# Benzodiazepines and SSRI'S



## babyrex (Aug 5, 2012)

Hi all!

I haven't been here in some time. As some of you may remember, I went to Mayo to get a diagnosis. That trip was an epic FAIL, but really, it didn't matter anyway. Because what I have come to discover is pretty awful.

When I got my diagnosis for hypothyroidism, I was sure that was what was making me sick. I took my meds and it did help. But I was still sooo sick all the time. I stumbled across an artical about Benzo Withdrawal and the floor dropped from underneath me...

I have been on Benzos and SSRI's for about 10 years as prescribed for GAD and depression. Prior to taking these medications I had no thyroid issues. Is it a coincidence? I think not. More compelling research is showing these types of drugs can actually cause problems with the endocrine system. (Sorry, I won't take the time to source, just google it)

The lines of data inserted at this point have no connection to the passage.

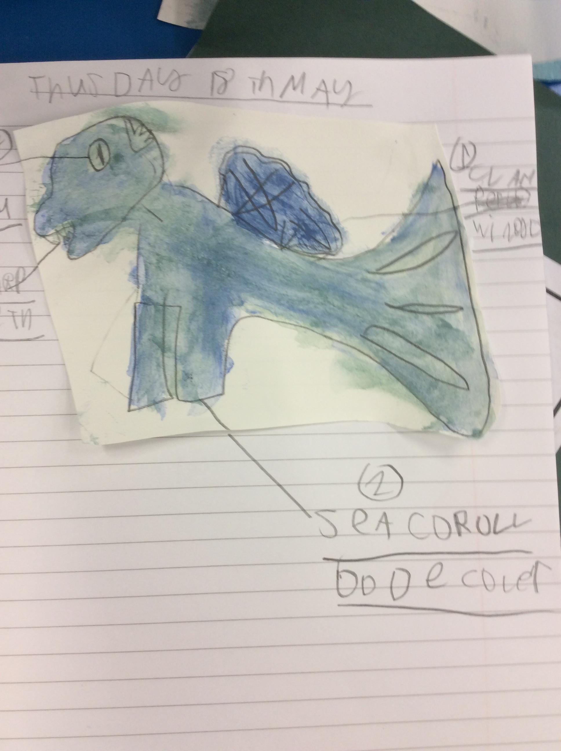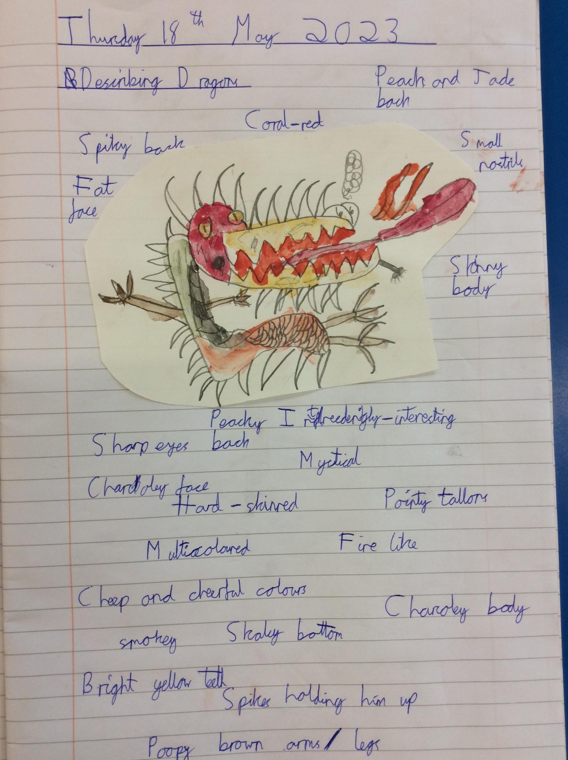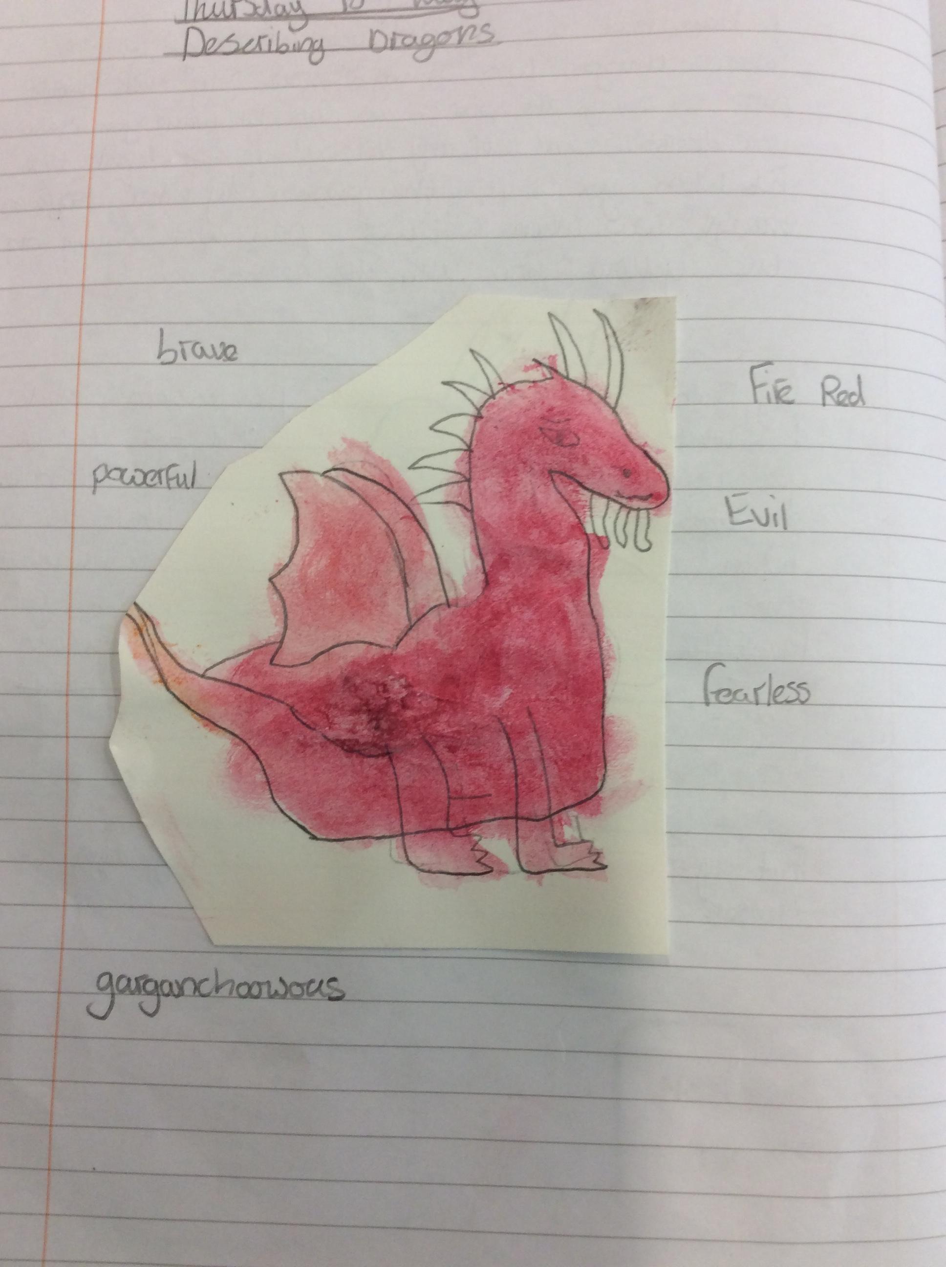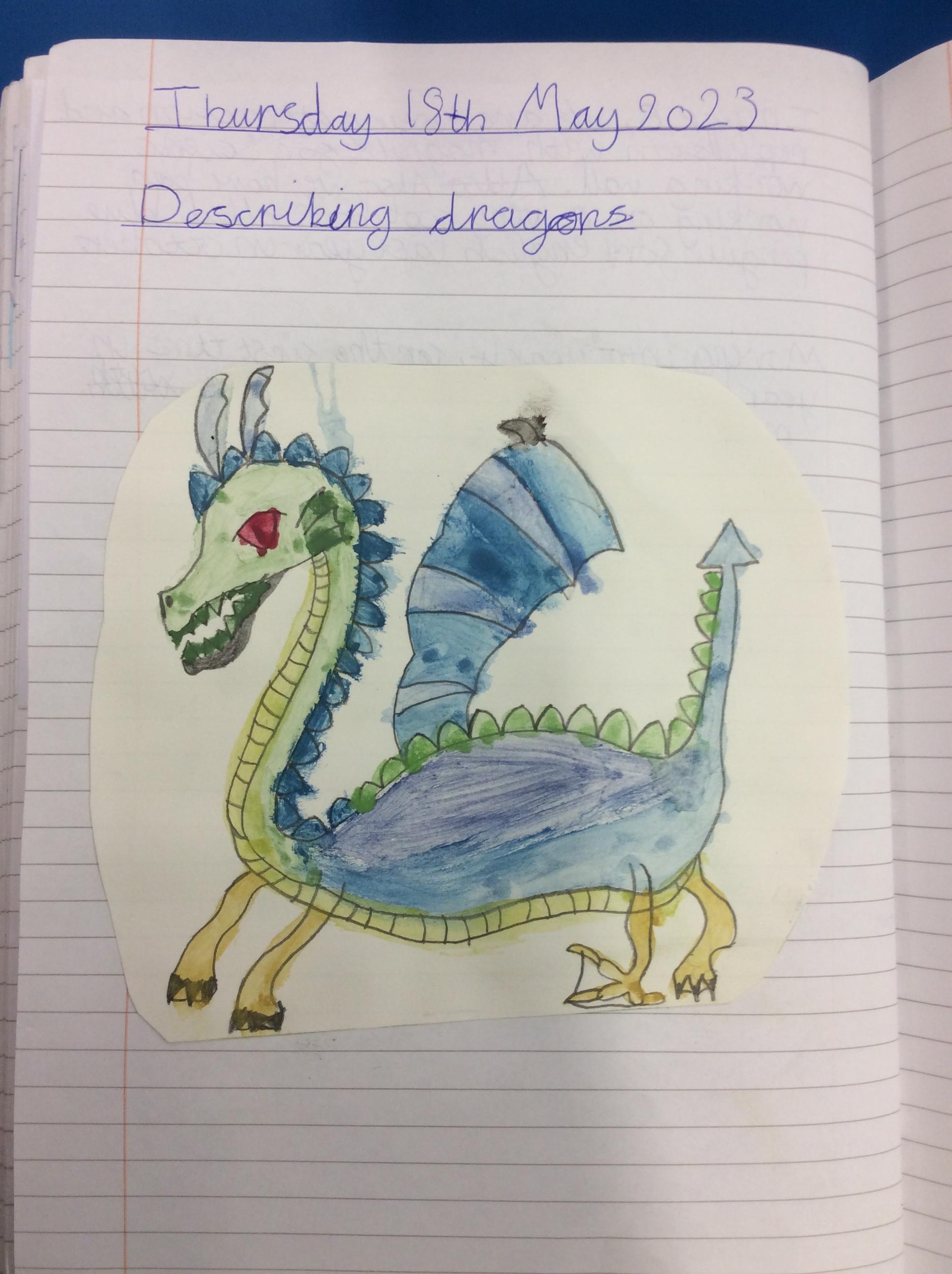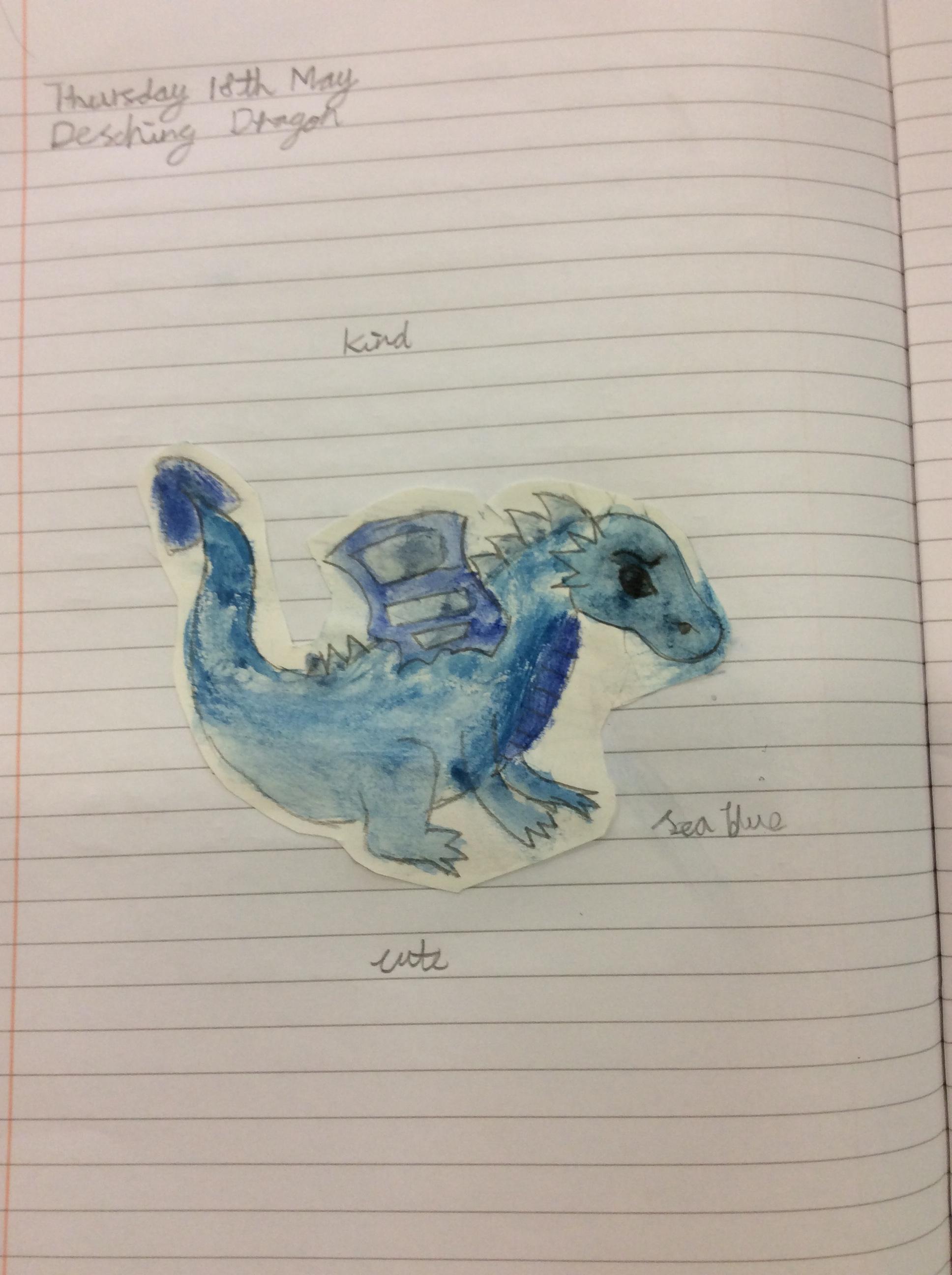We created our own dragons to write descriptions for.  We used watercolours and coloured pencils to add colour.
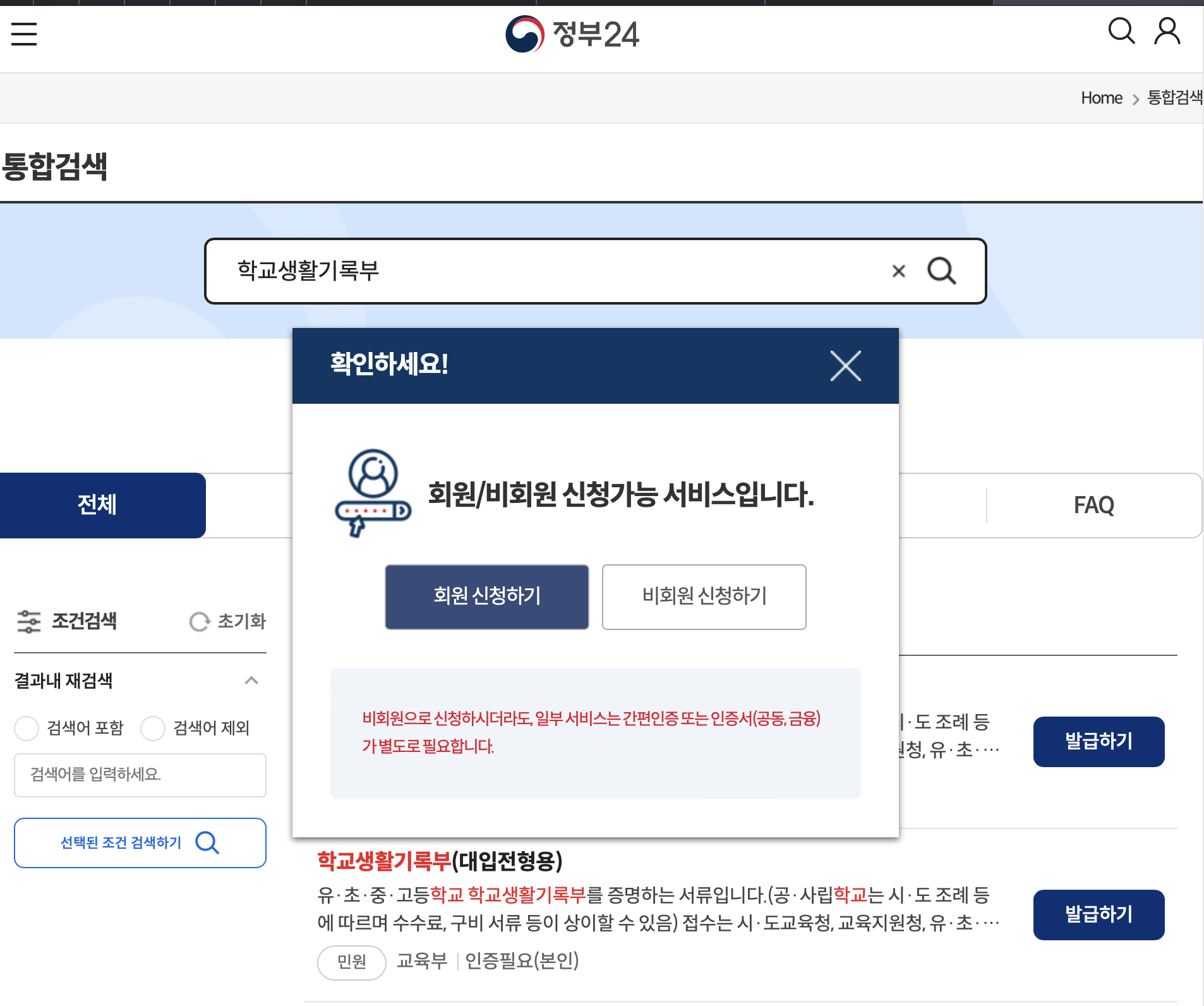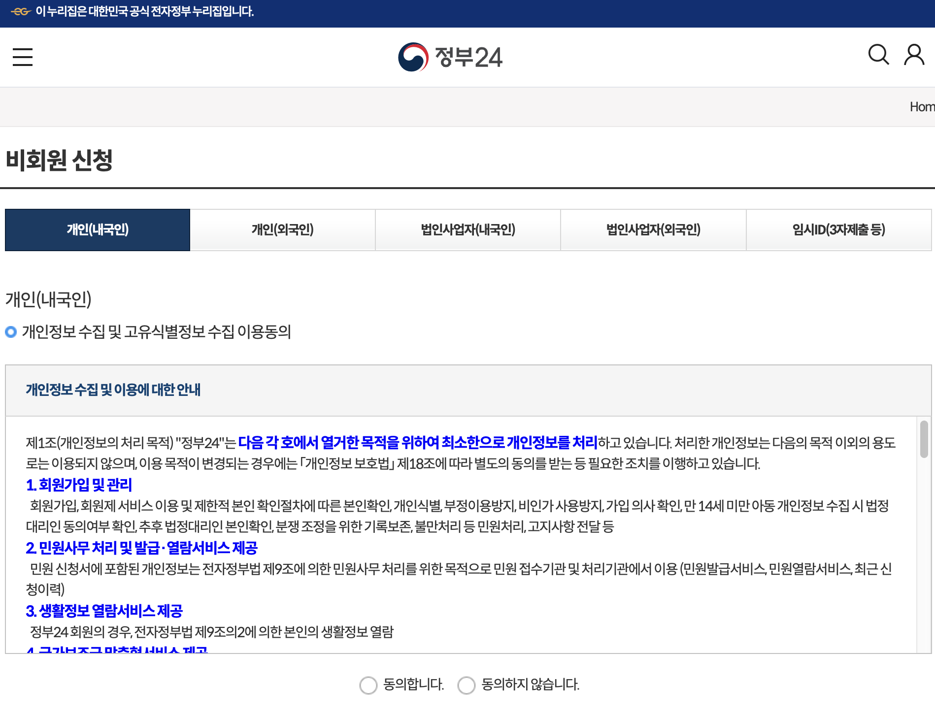 2. 정부24 회원인분들은 회원으로 발급선택하여 로그인, 없는 분들은 비회원으로 클릭해주세요.
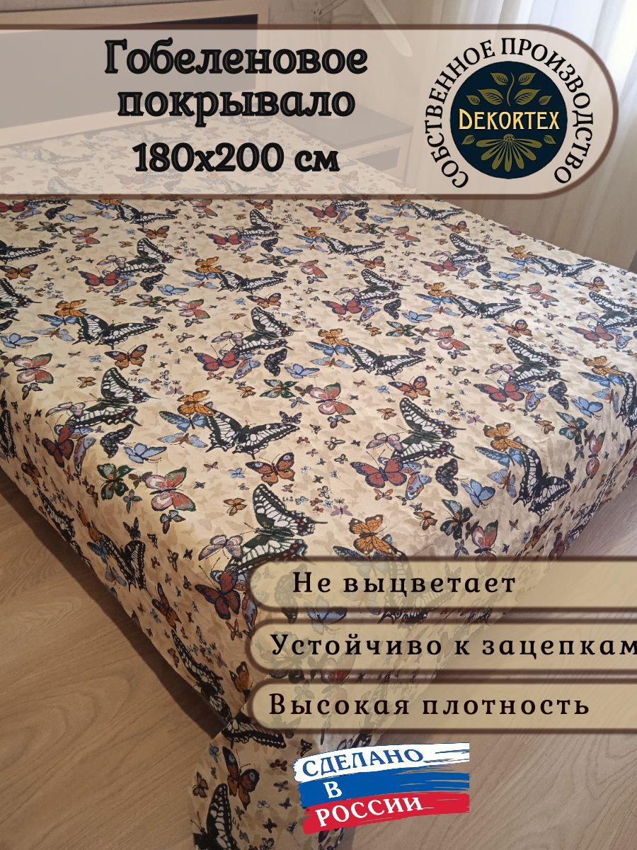 Гобеленовое покрывало «Бабочки» собственного производства выполнено из износостойкого, Российского полиэстера с высокой плотностью. Собственное швейное производство позволяет контролировать качество продукции на всех этапах до поступления на склад и предлагать покупателям высококачественные товары по выгодным ценам от производителя.
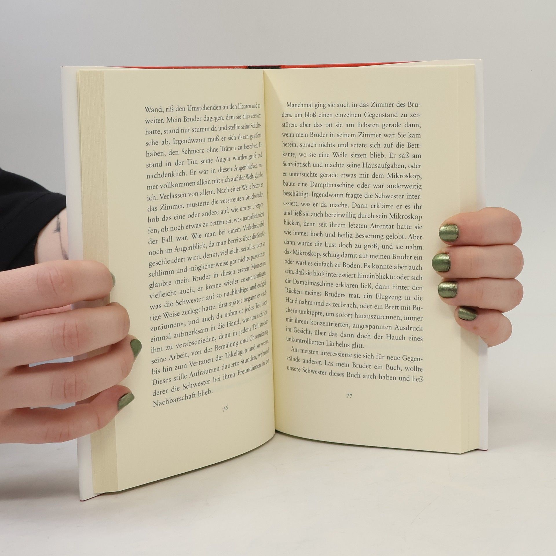 Am Beginn dieses Lebens ist Herbst, und Enten schwimmen auf dem Bad Nauheimer Teich. Der Erzähler erinnert sich an ein Paradies, ein Leben ganz ohne Menschen und Zwänge. Die ersten drei Jahre verlebt er bei seiner Urgroßmutter. Aber dann kommt der Einzug in das große, neue Haus der Familie, das dort gebaut worden ist, wo vormals die Apfelbäume standen. Das leere Haus wird zum Lebenszentrum des Kindes. Auf der Flucht vor dem grellen Küchenlicht des gemeinsamen Abendessens werden die unteren Regionen, die Kellerräume mit ihren Ölbrennern und Tankanlagen, zu seiner abgründigen Heimat. Das Kind spricht lange nicht, nimmt keinen Kontakt zu seiner Umwelt auf, wird zu Ärzten gebracht. Später fliegt der Keller als Raumschiff Enterprise in den Wetterauer Himmel, und der ältere Bruder ist der Kommandant. Während die Schwester, laut wie die Posaunen von Jericho, die Wände des Hauses zum Erzittern bringt. Mit „Das Haus“ setzt Andreas Maier konsequent fort, was er mit seinem Erfolgsroman „Das Zimmer“ begonnen hat. Ein Buch, ein Haus, ein Leben, nahe herangezoomt, dann wieder fast klinisch sezierend auf Abstand gebracht und immer erfüllt von der Seele des Kindes – und von dem vielleicht, was wir lange schon vergessen haben, auch wenn es einmal unser aller Ursprung gewesen ist.
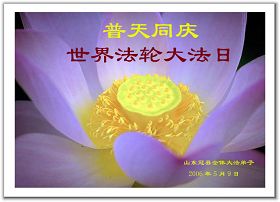 Tous les pratiquants de Falun Dafa du comté de Guan, province du Shandong souhaitent respectueusement au vénérable Maître un joyeux anniversaire et célèbrent la Journée mondiale du Falun Dafa !
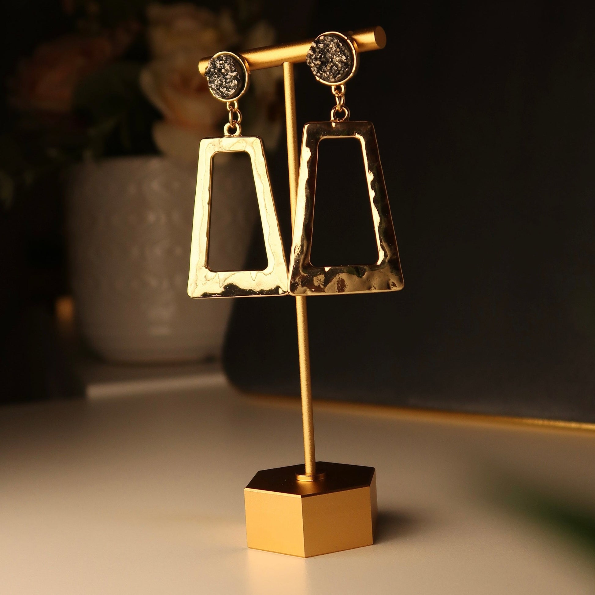 Enhance your style with The Viviana Drop Earring. These elegant earrings feature a silver-grey rectangle design encased in stunning gold. Perfect for adding a touch of sophistication to any outfit. Elevate your look and stand out from the crowd with these statement earrings!
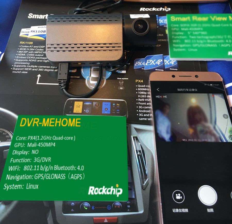 Rockchip高階PX4車聯(lián)網(wǎng)方案,四核處理器,Mali-450GPU,助力車聯(lián)網(wǎng)產(chǎn)品全面升級。本次展出了搭載PX4方案的行車記錄儀,基于Linux系統(tǒng),支持前后1080P+720P雙錄、網(wǎng)絡(luò)在線直播、Wifi無線透傳,時(shí)延200ms內(nèi)、BT4.0抓拍按鍵、GPS軌跡追蹤、優(yōu)秀的功耗控制;可通過手機(jī)APP觀看實(shí)時(shí)或錄制影像。

I am now in the process of doing a very SLOW taper to get off the Benzos. (I was done with the SSRI'S some months back.) I have read a lot on how to safely taper and I should be off by June or July.

My point is:

If you are taking these types of medication, chances are they may be at the root of your problem. I will try to keep everyone updated as far as my thyroid status goes. It is still way too early to predict how this will play out. I will check in once and awhile.

Hugs to all!


----------



## Andros (Aug 26, 2009)

babyrex said:


> Hi all!
> 
> I haven't been here in some time. As some of you may remember, I went to Mayo to get a diagnosis. That trip was an epic FAIL, but really, it didn't matter anyway. Because what I have come to discover is pretty awful.
> 
> ...


So glad you have dropped in to say hi and to share your experience w/us. You may be helping many many who come here.


----------



## babyrex (Aug 5, 2012)

Thank you Andros! I will post after I am done tapering off the Benzos, and provide labs.

One more thing. If you think it is hard to find an endocrinologist, try to find a benzo wise doctor. It's nearly impossible! Hugs!


----------



## Andros (Aug 26, 2009)

babyrex said:


> Thank you Andros! I will post after I am done tapering off the Benzos, and provide labs.
> 
> One more thing. If you think it is hard to find an endocrinologist, try to find a benzo wise doctor. It's nearly impossible! Hugs!


Aaaaaaaaaaaaaargh!!! Let us know how you fare. Keeping you in my thoughts and prayers for all of this.


----------



## I DClaire (Jul 31, 2011)

I find this very interesting. I am the only one in my family who has had thyroid problems and the only one, except my mother, who has battled depression and anxiety. My sister and one of her two sons have been very successfully treated for epilepsy almost their entire lives.

When I was 22 years old with a toddler, several extremely stressful events struck my life simultaneously, everything from the sudden death of my father-in-law to my husband being diagnosed with severe coronary artery disease. Looking back, the fact that a doctor told me a couple of years later that I was on the brink of complete physical and mental exhaustion was probably an understatement - I was burning the candle at both ends and in the middle. I was put on Valium for at least a year.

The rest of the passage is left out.